The Euribor rate rose this Friday by three and 12 months and fell by six months to a new low since June 7 last year, after the ECB cut key rates by 25 basis points.
With the changes this Friday, Euribor remained very close, but the three-month rate, which rose to 3.759%, remained above the six-month rate (3.735%) and the 12-month rate (3.701%).
The six-month Euribor rate, which has become the most used rate in Portugal for home loans with variable rates and which was above 4% between September 14 and December 1, fell this Friday to 3.735%, minus 0.009 points and a new low since June 7. , 2023, after rising on October 18 to 4.143%, the highest since November 2008.
Bank of Portugal (BdP) data for April indicates that the six-month Euribor rate is the most used, accounting for 37.5% of total floating rate homeownership loans. The same data shows that the 12- and three-month Euribor rates were 34.1% and 25% respectively.

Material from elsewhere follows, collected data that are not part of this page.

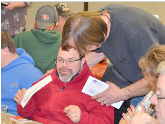
Woodshop employees received their last paycheck during the farewell celebration.
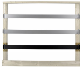
Band 18,6 mtr
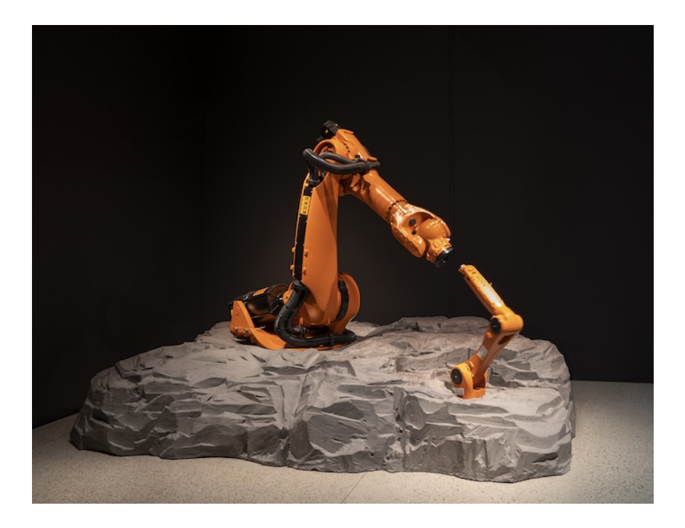
Figure 6. "Mother and Child" by Bram Ellens. Part of the exhibition Imagine Intuition, at Musuem De Lakenhal, Leiden, Netherladnds. 14 October 2023 – 15 January 2024. Image owned by Bram Ellens.

We make sense of others' actions based on the context from which a given interaction emerges. In other words, shared meaning is not created upon an understanding or experience of others' internal states, but through our ability to assume meaning based on how we perceive a certain situation and by projecting that upon the other's actions. A similar principle applies to how we perceive movements of more-than-human others as actions.
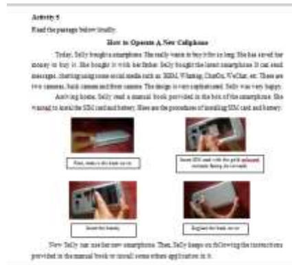
Figure 2. Sample of Activity in “Critical English” Textbook

every chapter with another one. Picture 2 is one of the examples of activity in the "Critical English" Textbook.
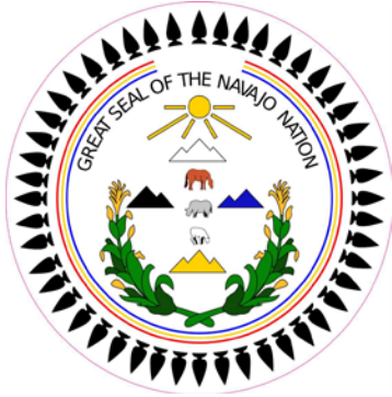
Navajo Nation Seal

For 12 months, the Euribor rate, which was above 4% between June 16 and November 29, rose this Friday to 3.701%, which is 0.017 points more than in the previous session, against the maximum since November 2008, 4.228%, recorded September 29. .

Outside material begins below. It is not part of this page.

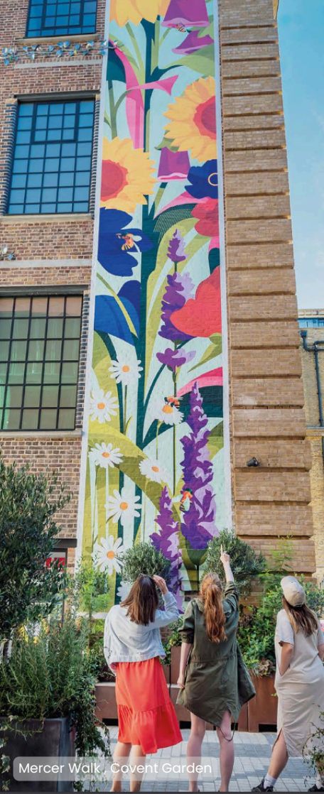
Mercer Walk, Covent Garden

In the same sense, the three-month Euribor rate increased, settling at 3.759% plus 0.004 points, after increasing on October 19 to 4.002%, the highest since November 2008.
The ECB on Thursday cut key interest rates by 25 basis points after holding them at their highest level since 2001 for five meetings and making 10 hikes since July 21, 2022.

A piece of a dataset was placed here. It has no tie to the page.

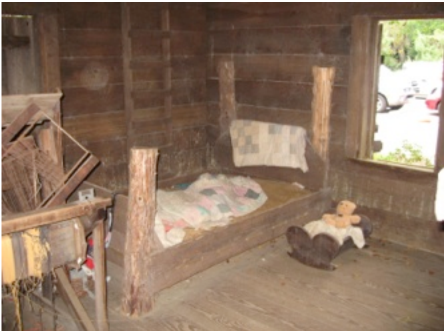
(Figure 13) Interior of “Ante Bellum Cabin,” at Magnolia Plantation, 2007. In the 1990s, Drayton Hastie furnished an outbuilding by the parking lot to look like his perception of the interior of an antebellum slave cabin.

The next ECB monetary policy meeting will take place on July 18.
This reduction in key rates should lead to a moderate reduction in Euribor rates and thus a reduction in the provision of home loans.
The average Euribor rate fell in May for three, six and 12 months, but more sharply than in April and for shorter maturities.
The Euribor average in May fell 0.073 points to 3.813% in three months (compared to 3.886% in April), 0.052 points to 3.787% in six months (compared to 3.839%) and 0.021 points to 3.681% in 12 months (up from 3,702). %).
Analysts expect Euribor rates to reach around 3% by the end of the year.
More significantly, the Euribor began to rise on February 4, 2022, after the ECB acknowledged that it might raise key interest rates due to rising inflation in the eurozone, a trend that accelerated with the start of Russia’s invasion of Ukraine in February. 24, 2022.
Three-, six- and 12-month Euribor rates hit record lows respectively: -0.605% on December 14, 2021, -0.554% and -0.518% on December 20, 2021.
Euribor is set as the average rate at which a group of 19 eurozone banks are willing to lend to each other in the interbank market.